Introduction to Mathematical Analysis

An introduction to analysis for students who have successfully completed the first year of calculus. This course presents foundation concepts in analysis which lay the groundwork for further study in pure and applied mathematics, in particular real analysis courses. It is normally required material for mathematics majors. Topics studied include the nature of proof, set theory and cardinality, the real numbers, limits of sequences and functions, continuity, formal coverage of the derivative and the mean value theorem, Taylor’s theorem, the Riemann integral, the fundamental theorem of calculus, and topics in infinite series.

MATH 2260

Probability and Statistics for Science & Engineering

Introduction to descriptive statistics, laws of probability, distributions of continuous and discrete random variables, inferential statistics, correlation and linear regression.
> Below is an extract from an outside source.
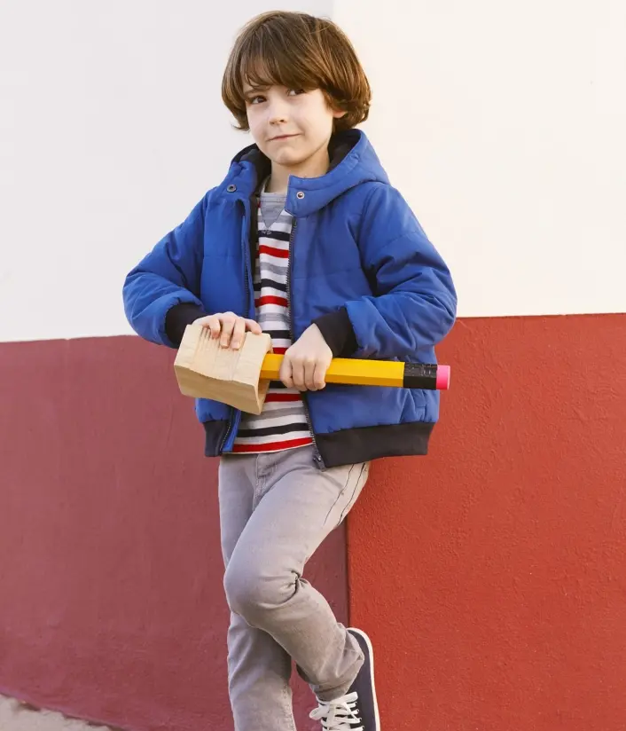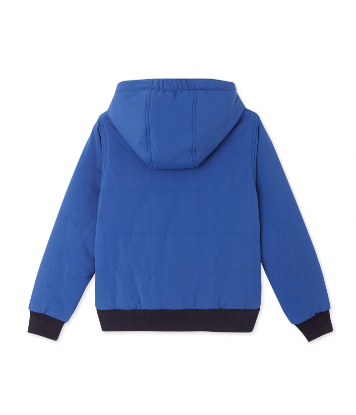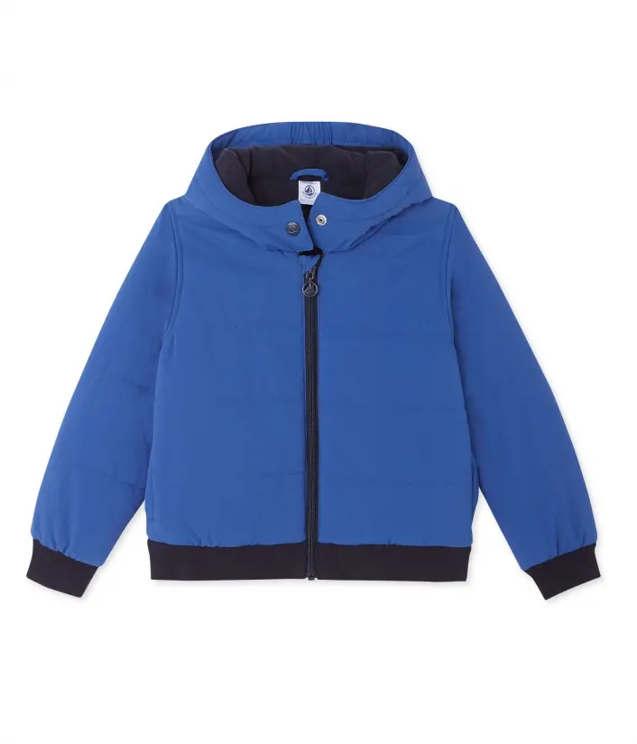 Куртка з капюшоном для хлопчика, виготовлена на флісовій підкладці. Зверніть увагу на деталі: еластичні манжети та пояс, дві кишені з боків, застібка-блискавка. Матеріал: 100% поліамід / 100% поліестер.

This course rigorously develops statistical theory and is intended for those students who will continue on in applied disciplines or wish to pursue more statistics courses.

MATH 2321

Calculus III

This course extends the theory of differential and integral calculus to functions of many variables. Topics include the study of vectors, quadric surfaces, vector functions, cylindrical and spherical coordinates, partial derivatives, multiple integrals, vector fields and line integrals; all with applications.

MATH 2421

Introduction to Differential Equations

This course is an introduction to ordinary differential equations. Topics include the solution of first- and higher order differential equations, power series solutions, Laplace transforms, linear and non-linear systems and applications.

MATH 2440

Calculus IV

This is a course in vector calculus that applies calculus to vector functions of a single variable as well as to scalar and vector fields. Topics include vector algebra, vector-valued functions, scalar and vector fields, gradient, divergence, curl, line, surface and volume integrals, the divergence theorem as well as the theorems of Green and Stokes.

MATH 3316

Introduction to Numerical Analysis

This course is a presentation of the problems commonly arising in numerical analysis and scientific computing and the basic methods for their solutions. Topics include number systems and errors, solution of nonlinear equations, systems of linear equations, interpolation and approximation, differentiation and integration, and initial value problems. This course will involve the use of a numerical software package (such as MATLAB) and/or a high-level programming language (such as C/C++).